Basic Fruit Protein Bars

Raw, Gluten Free (depending on ingredient choice), Vegan (if Almond Milk is used).

By / Photography By Erika Kent | March 01, 2014


Tools: 9 x 5 loaf pan, food processor with chopping blade, parchment paper

Line loaf pan with parchment paper.

Soften chosen fruits in warm water for 5 minutes (save the liquid).

Place cereal grain into food processor and pulse until a “bran” consistency (not quite powder, but not big chunks).

Add in all other ingredients. Pulse until combined and sticks together (if too dry, add a bit of the saved soaking juice).

Transfer mixture to prepared loaf pan. Place another piece of parchment on top and press to spread and flatten evenly. Cover and chill 30 minutes.

Remove from pan by lifting out by parchment lining. Place on cutting board and slice into six bars.

To store: Wrap individual bars in plastic wrap. These will keep one week in the refrigerator or three months in the freezer.

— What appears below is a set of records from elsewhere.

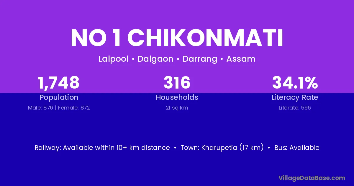 Kharupetia (17 km) is the nearest town to No 1 Chikonmati village for major economic activities and is located approximately 17 km away.
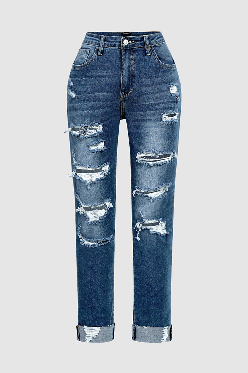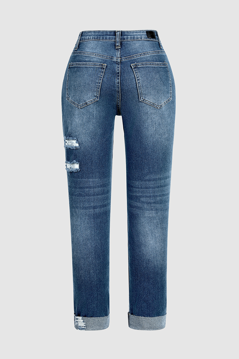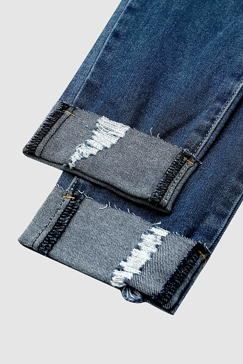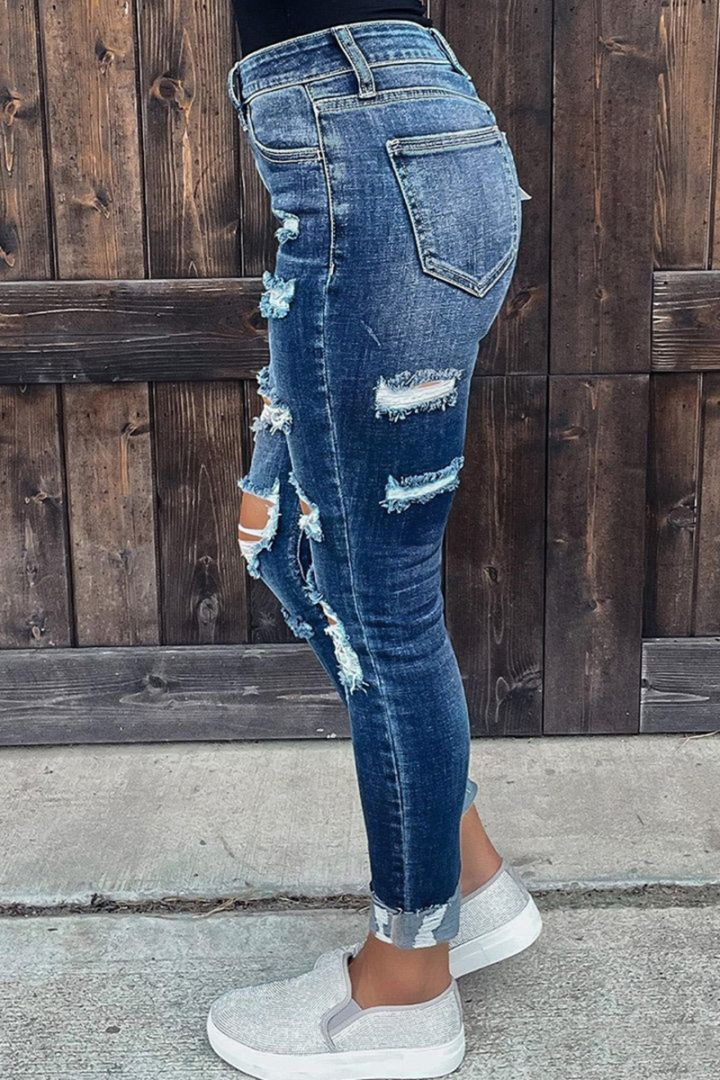 Ladder Ripped Rolled Hem Mid Waist Skinny Jeans
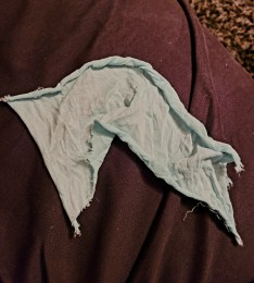 Morrissey tosses his shirt into the crowd and disappears once again, until next time, just two days hence. The shirt lands near the centre barrier area and we wait patiently for the lights to come up and the usual scuffle to subside. As the crowd eventually thins, my husband appears, and proudly presents me with a sizeable piece of pale blue fabric! I am astonished, knowing that since he always arrives well after doors have opened, he would not have been near enough to the front to have been in the midst of the shirt fight. He informs me that a man had emerged from the scrum, cutting a large piece of shirt up into smaller pieces with a penknife, and he was simply able to avail himself of one of these pieces.
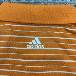 Adidas CLIMALITE Golf Shirt Men Medium M Orange Striped 100% Polyester Golfing
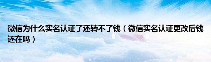 导读 大家好,小跳为你解答以上问题。微信为什么实名认证了还转不了钱,微信实名认证更改后钱还在吗这个问题很多人还不知道,现在让我们一起来看

That’s the basic recipe. Here are some tasty combinations! Use your imagination and pantry to develop your own favorites.

Rye/Blueberry/Cinnamon (Tasters’ favorite gluten-free combination)
Oats/Cranberry/White chocolate mini-chips
Quinoa/Dried Plums

Nutritional info: Calories: 250, Fiber: 40 grams, Sugars: 23 grams, Protein: 16 grams. (Note that this is a guide; there can be small variance depending on ingredient choices.)


  • 1 cup dried fruit
  • 1/2 cup warm water
  • 1 1/2 cups cereal bran (oats, rye, millet, spelt, quinoa)
  • 1 cup rice protein powder
  • 3 Tablespoons low-fat milk (or unsweetened almond milk)
  • 1 Tablespoon finely grated orange or lemon zest
  • (optional) ½ cup chopped nuts
  • (optional) ¼ to ½ teaspoon spice (or spice mixture)
  • (optional) ¼ cup cocoa nibs or mini chocolate chips (for those who want a bit of sweetness!)